Еле слышен исходящий из-под конторки ответный голос, скрип, плачевный писк. Крышка столешницы и прижатые к лицу локти сразу вдавливают все зародившиеся там звуки в их источник. Там, в тёмном тупике, куда себя загнала она сама, только одна одинокая она, и потому все рождающиеся там звуки возвращаются к ней же. Они и предназначены только ей одной.

– Вам нужна комната? – подхрипывает баритон, голос, порученный портье. Ещё бы ему не охрипнуть, если в животе у него одновременно сжимается и обрывается, придавливает паховую кость, будто рог приезжего погружается и в его чрево. Деньги вперёд. И откуда мы такие берёмся, что не здороваемся...

– Из Германии, – пропевает от порога padre своим фальшивым бельканто, переслащённым, елейным фальцетом.

Все розданные участникам квартета голоса отлично соответствуют друг другу, легко сливаются в один, и в то же время легко различимы.

– Если она вам задолжала, сожалею, – продолжает приезжий свою партию, не слишком уверенно, с сильными акцентами там, где они вовсе не нужны. Когда всякий акцент неуместен, особенно, если он северный. – Позовите вашего хозяина. Мы всё уладим. Для скандала нет причин.

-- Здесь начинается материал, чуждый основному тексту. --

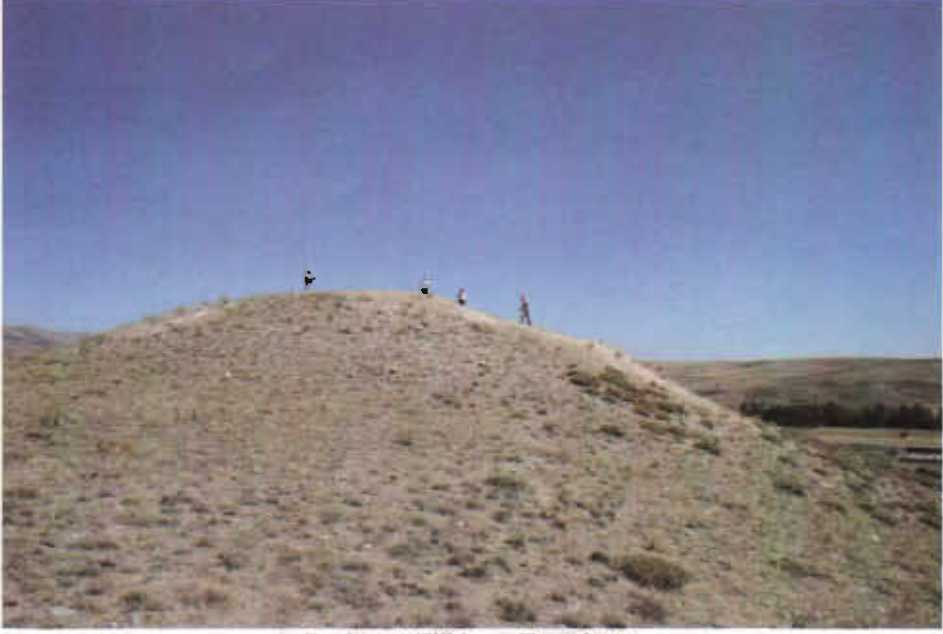
Resim - 1 Tilkitepe Tümülsü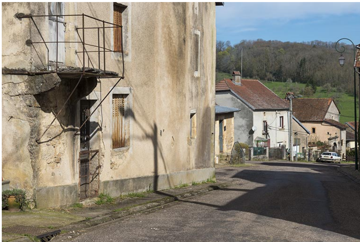
Rue du Vaux. 70, Purgerot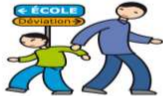
N'apprécie pas les changements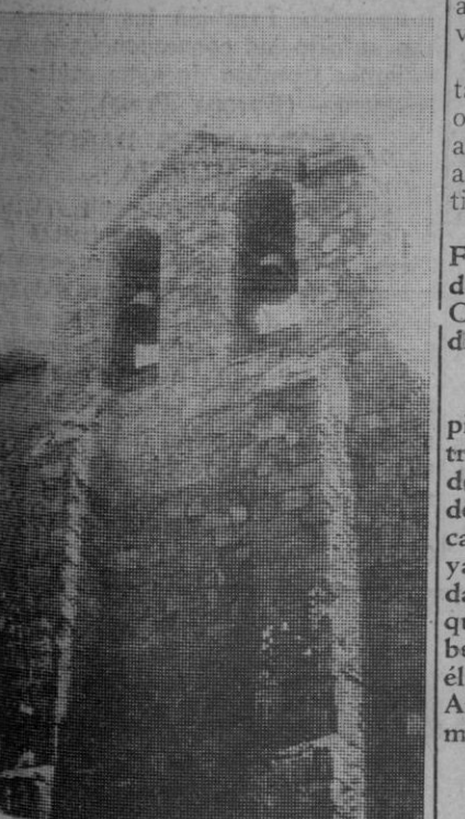
Espadaña románica de la iglesia de San Miguel

rias, dedicadas en su mayor parte a la agricultura, la ganadería y el comercio. Buen lugar de veraneo y centro turístico que aspira a su auténtica promoción, a su mayor momento en esta ruta de Somosierra.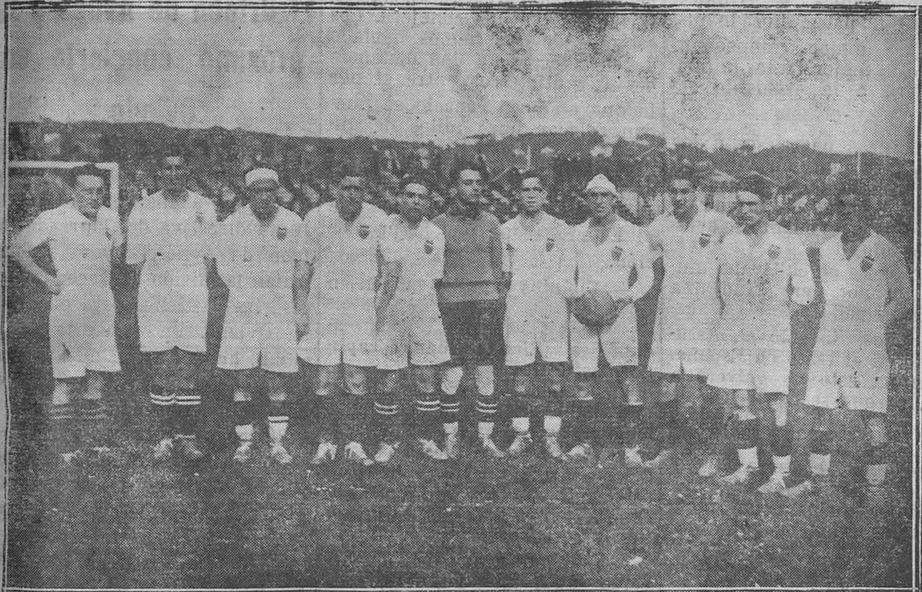
GIJÓN.—El equipo del Valencia que el domingo fué vencido en el Molinón por el Sporting

Grandes elogios se hacen a esta nueva Junta, compuesta por prestigiosas personas, de las cuales es de esperar que dado el entusiasmo que en ellas siempre reinó en pro de esta popular sociedad, sea una realidad muy pronto, las aspiraciones de los años tan altruistas inspiradas por sus fundadores.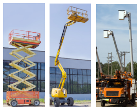
Un elevador de tijera (izquierda), un camión grúa de carga (en el centro), y una plataforma hidráulica (derecho).

Una plataforma aérea puede prevenir caídas y reducir los riesgos de lesiones en la espalda, el cuello y los hombros causadas por trabajar al nivel del hombro o por encima de él ya que lo pone en el lugar exacto donde le toca trabajar.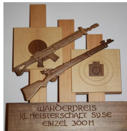
Wanderpreis Einzel 300m Neu seit 2011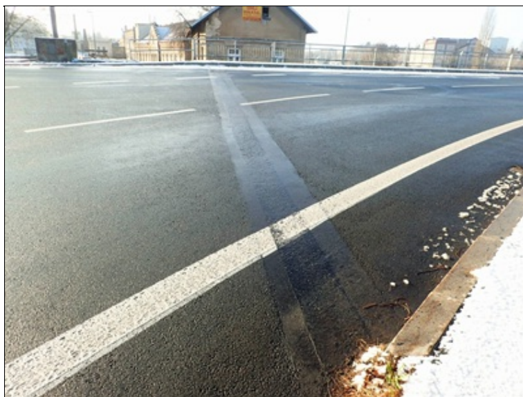
Pohled v linii EMZ nad opěrou O4.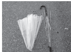
③外した生地は可燃ごみ、骨組みは不燃ごみへ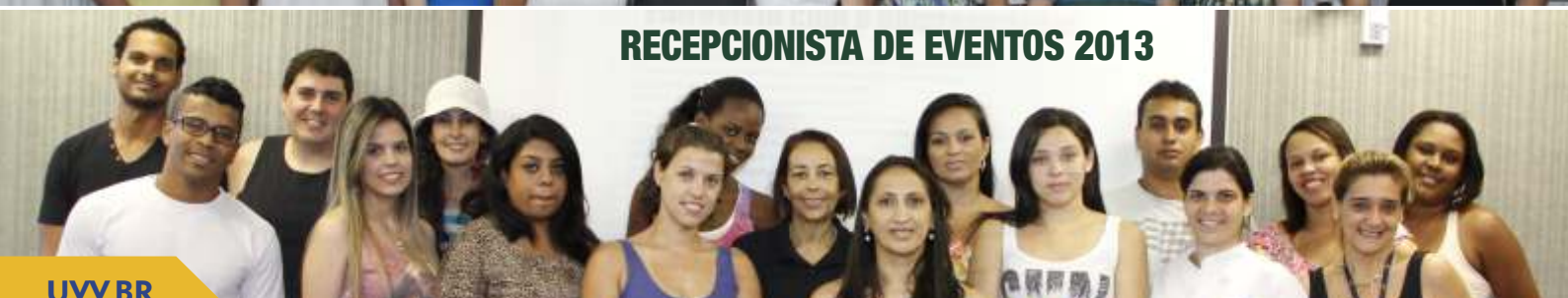
RECEPCIONISTA DE EVENTOS 2013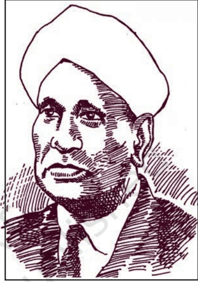
सर चंद्रशेखर वेंकट रामन्

रामन् का मस्तिष्क विज्ञान के रहस्यों को सुलझाने के लिए बचपन से ही बेचैन रहता था। अपने कॉलेज के जमाने से ही उन्होंने शोधकार्यों में दिलचस्पी लेना शुरू कर दिया था। उनका पहला शोधपत्र फिलासॉफिकल मैगजीन में प्रकाशित हुआ था। उनकी दिली इच्छा तो यही थी कि वे अपना सारा जीवन शोधकार्यों को ही समर्पित कर दें, मगर उन दिनों शोधकार्य को पूरे समय के कैरियर के रूप में अपनाने की कोई खास व्यवस्था नहीं थी। प्रतिभावान छात्र सरकारी नौकरी की ओर आकर्षित होते थे। रामन् भी अपने समय के अन्य सुयोग्य छात्रों की भाँति भारत सरकार के वित्त-विभाग में अफ़सर बन गए। उनकी तैनाती कलकत्ता* में हुई।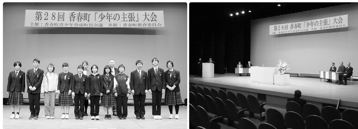
△ 昨年の様子 △

※最優秀発表者は令和8年2月15日(日)に福智町で開催される「少年の主張」田川地区大会の香春町代表に推薦いたします。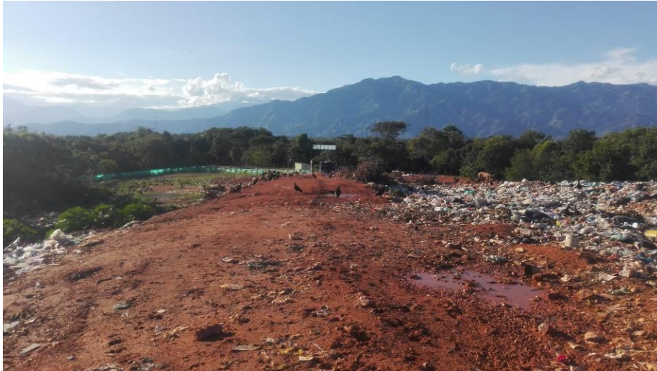
Imagen 5 Vía interna SDF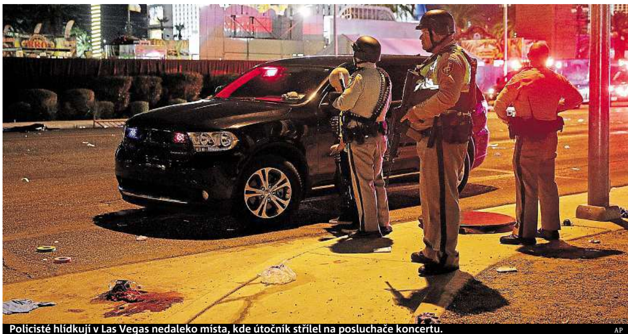
Policisté hlídají v Las Vegas nedaleko místa, kde útočník střílel na posluchače koncertu.

• 13 mrtvých (5. 11. 2009) – Masakr na základně armády v texaském Fort Hoodu měl na svědomí major a armádní psychiatr Nidal Malik. V roce 2013 byl odsouzen k trestu smrti.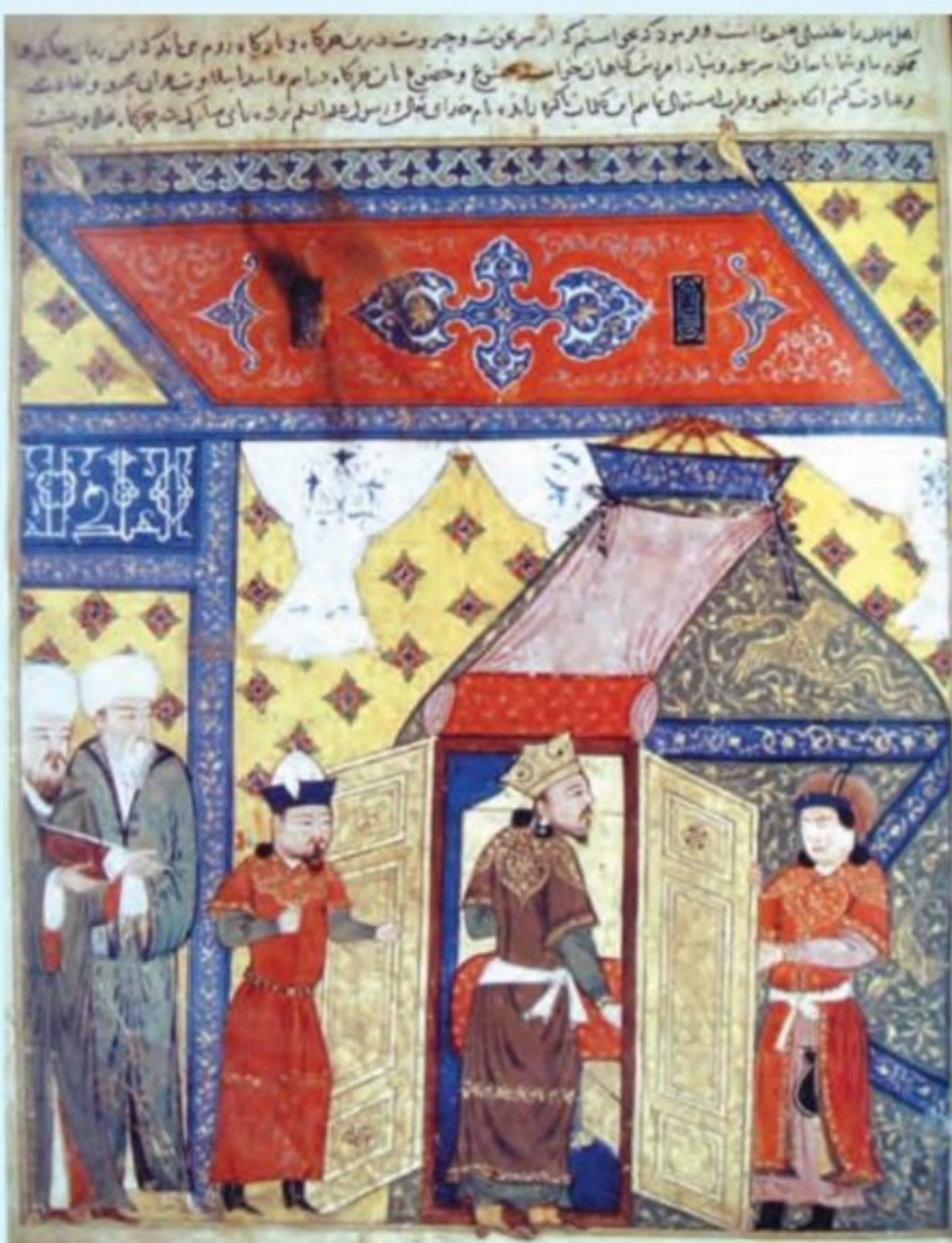
نگاره اسلام آوردن غازان خان

تکودار (حک ۶۸۱ - ۶۸۳ ق) پسر هولاکوخان، نخستین ایلخان مسلمان به شمار می‌رود. او پیش از رسیدن به حکومت، مسلمان شد و نام اسلامی احمد را برای خود برگزید. دولتمردان ایرانی و در رأس آنها شمس‌الدین محمد جوینی، نقش زیادی در به قدرت رساندن وی داشتند. تکودار در دوران کوتاه فرمانروایی خود اقدامات مؤثری در سیاست داخلی و خارجی به نفع مسلمانان انجام داد. اگرچه این ایلخان مسلمان توسط ارغون که از سوی بزرگان و شاهزادگان غیرمسلمان مغول پشتیبانی می‌شد، از قدرت برکنار و کشته شد، اما بزرگان ایرانی بر تلاش خود برای مسلمان شدن مغولان و مهار رفتارهای غیرمدنی آنها افزودند. آنان سرانجام موفق شدند که غازان‌خان، هفتمین ایلخان را که شخصیت مقتدری داشت به دین اسلام رهنمون سازند (۶۹۴ ق). بسیاری از امیران و سپاهیان مغول نیز به تبعیت از وی مسلمان شدند. غازان که نام اسلامی محمود را بر خود نهاده بود، اسلام را دین رسمی اعلام کرد و در مسجد جامع تبریز نماز گزارد. وی اقدامات مهمی در جهت اسلامی کردن جامعه و حکومت انجام داد و برای سادات و مشایخ و بزرگان دین، مقرری تعیین کرد.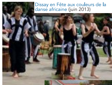
Dissay en Fête aux couleurs de la danse africaine (juin 2013)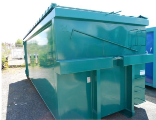
• Benne ROK - 30m 3 Toits filets manuel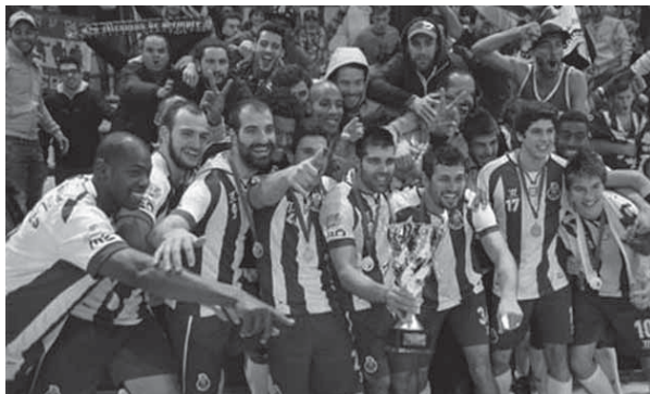
Heptacampeões nacionais de andebol jogaram dois encontros de preparação em S. Pedro do Sul

Também as selecções nacionais femininas de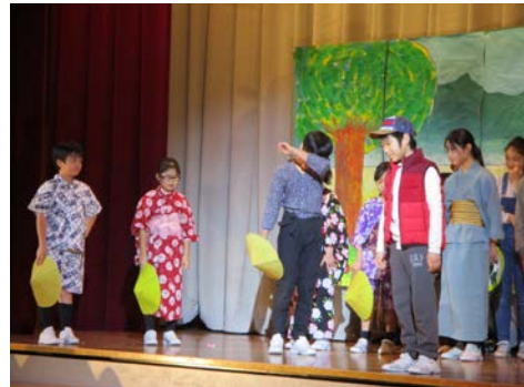
5年生「ユタと不思議な仲間たち」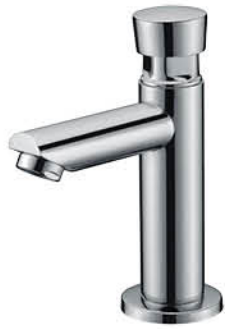
ก๊อกเดี่ยวอ่างล้างหน้าแบบกด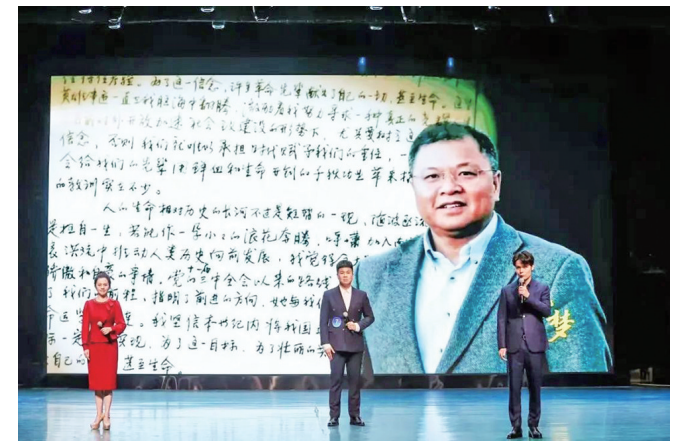
诵读大赛现场

本报讯(记者 唐春琳)春日好时光,正是读书时。2月18日,第六届渝北市民诵读大赛决赛在临空文化剧场举行。

Оказывается, вовсе не чрезмерная густота голоса мешает подвижности его языка, а самому приезжему не позволяет присоединиться к принятому тут красноречию. Просто такая ему дана партия, её назначение служить основой другим. Если хорошо к ней прислушаться – после привычного многословия всех, и на фоне его, лаконичные реплики этого basso continuo наполнятся своим, особым содержанием.

– Может, у кого-нибудь имеются мотивы постоянно затевать скандалы... А вы хорошо говорите по-итальянски, – радушно язвит Адамо. – Только вот я и есть тут хозяин.

– Вот как! – поднимает интонацию приезжий, помогая её подъёму соответствующим движением кустиков бровей. – Я заплачу за всё. Извините, давно не говорил на вашем языке. С тех пор, как умерла жена, её мать.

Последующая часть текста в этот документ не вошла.